» **Your goal**: In the material below, find the line containing "Along with all" and the line containing "第70分钟,邓涵文在禁区内手". Output those two lines and all lines between them exactly, without pictures.

» **Information shown**:
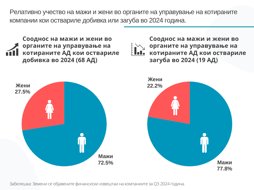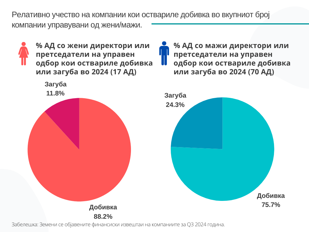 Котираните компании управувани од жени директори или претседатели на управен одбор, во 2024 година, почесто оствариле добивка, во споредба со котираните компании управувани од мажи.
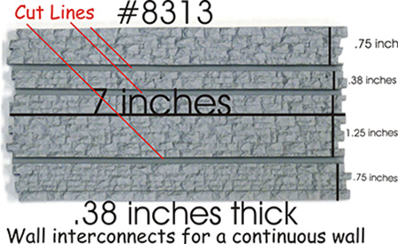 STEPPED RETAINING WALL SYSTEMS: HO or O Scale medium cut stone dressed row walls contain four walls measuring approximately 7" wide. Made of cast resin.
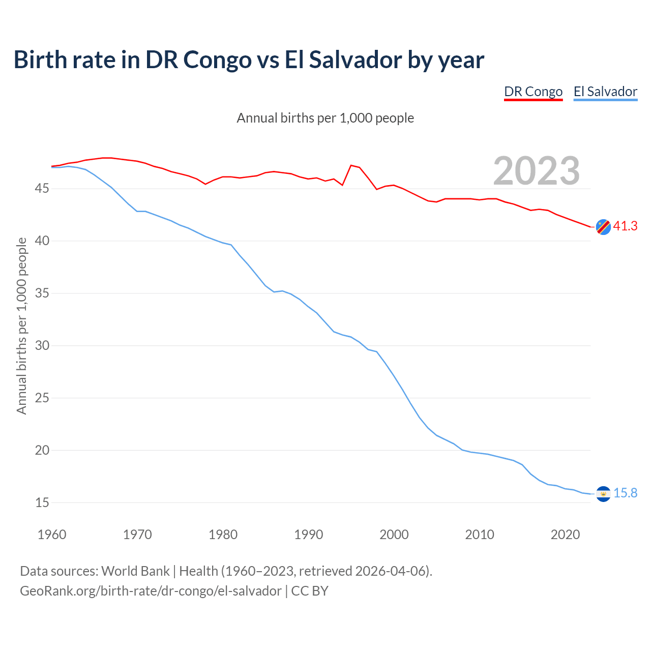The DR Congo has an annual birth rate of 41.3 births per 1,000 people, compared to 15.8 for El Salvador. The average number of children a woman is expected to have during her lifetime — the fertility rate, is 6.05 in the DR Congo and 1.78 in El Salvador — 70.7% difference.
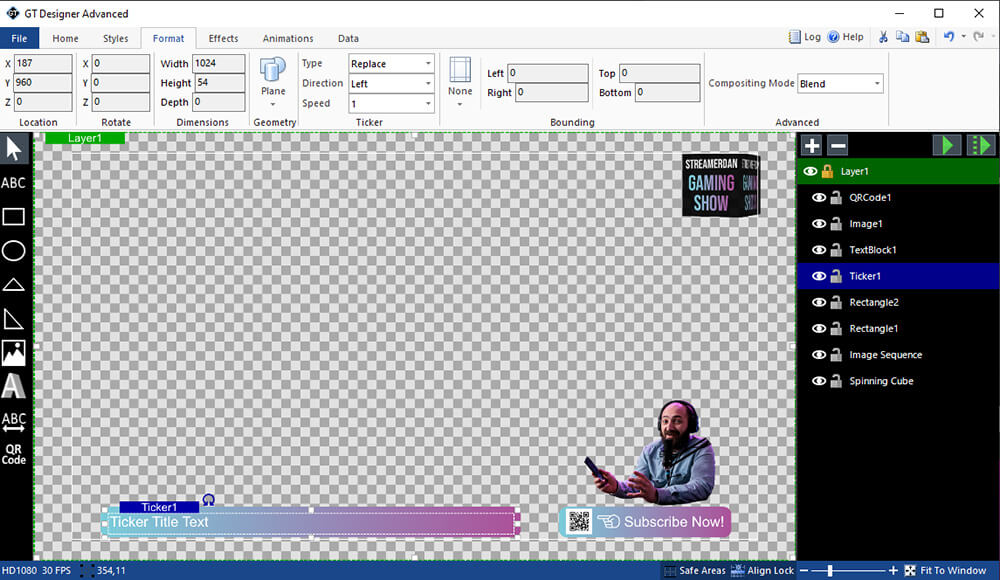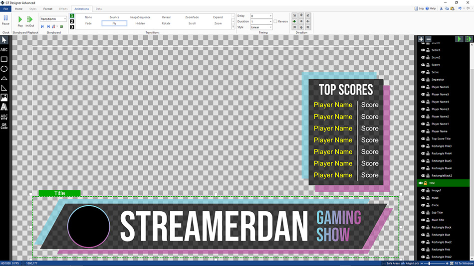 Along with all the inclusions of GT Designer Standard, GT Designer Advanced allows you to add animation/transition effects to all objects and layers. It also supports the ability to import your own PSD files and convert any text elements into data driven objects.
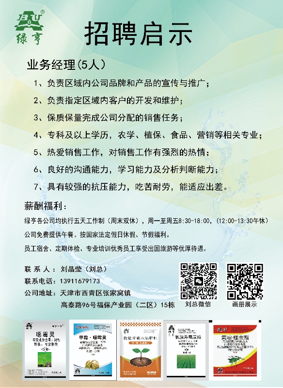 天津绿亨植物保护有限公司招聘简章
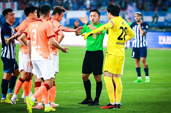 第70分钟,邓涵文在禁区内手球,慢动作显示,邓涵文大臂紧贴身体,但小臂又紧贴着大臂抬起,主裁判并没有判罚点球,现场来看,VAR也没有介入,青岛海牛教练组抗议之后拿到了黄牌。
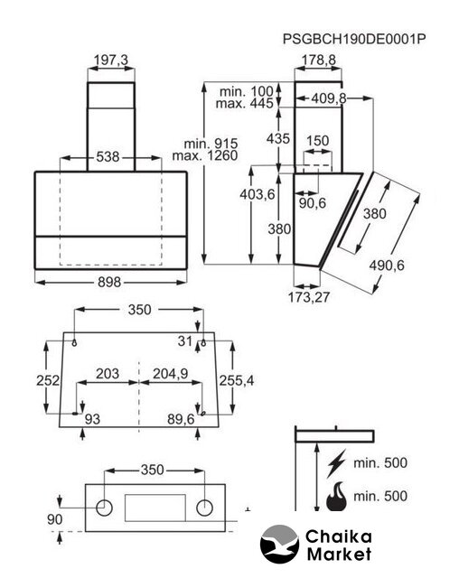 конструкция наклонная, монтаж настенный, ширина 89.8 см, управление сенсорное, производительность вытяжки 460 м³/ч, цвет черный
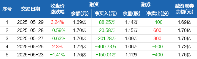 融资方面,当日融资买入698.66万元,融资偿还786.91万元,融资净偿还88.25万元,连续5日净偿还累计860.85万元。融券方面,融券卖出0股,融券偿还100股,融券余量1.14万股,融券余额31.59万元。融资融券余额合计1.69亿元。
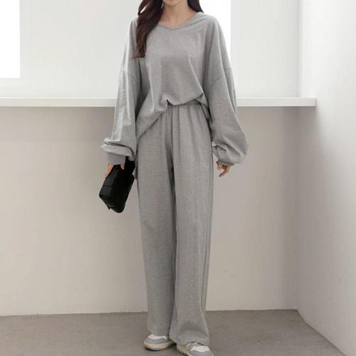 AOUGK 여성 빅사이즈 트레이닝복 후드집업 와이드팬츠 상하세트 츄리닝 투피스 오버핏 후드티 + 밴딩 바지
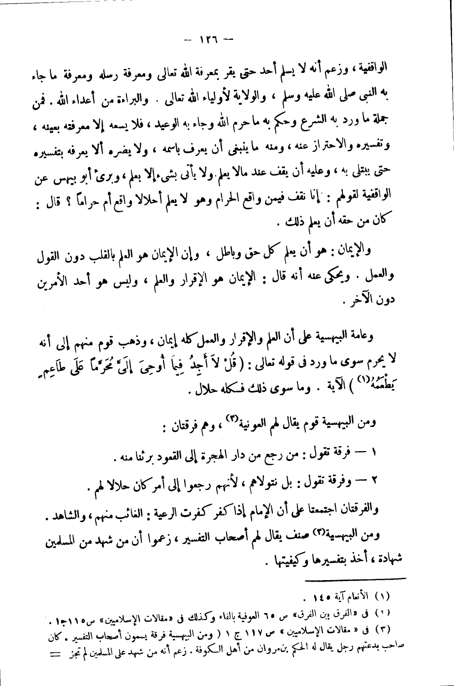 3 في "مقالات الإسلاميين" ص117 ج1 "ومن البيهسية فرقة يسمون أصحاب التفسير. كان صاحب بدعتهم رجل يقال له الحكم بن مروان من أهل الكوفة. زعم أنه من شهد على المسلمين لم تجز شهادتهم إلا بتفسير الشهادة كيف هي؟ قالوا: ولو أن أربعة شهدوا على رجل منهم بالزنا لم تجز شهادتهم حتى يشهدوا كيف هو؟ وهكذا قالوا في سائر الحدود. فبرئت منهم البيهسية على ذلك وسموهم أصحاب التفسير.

» **Result below**:
 Along with all the inclusions of GT Designer Standard, GT Designer Advanced allows you to add animation/transition effects to all objects and layers. It also supports the ability to import your own PSD files and convert any text elements into data driven objects.
 天津绿亨植物保护有限公司招聘简章
 第70分钟,邓涵文在禁区内手球,慢动作显示,邓涵文大臂紧贴身体,但小臂又紧贴着大臂抬起,主裁判并没有判罚点球,现场来看,VAR也没有介入,青岛海牛教练组抗议之后拿到了黄牌。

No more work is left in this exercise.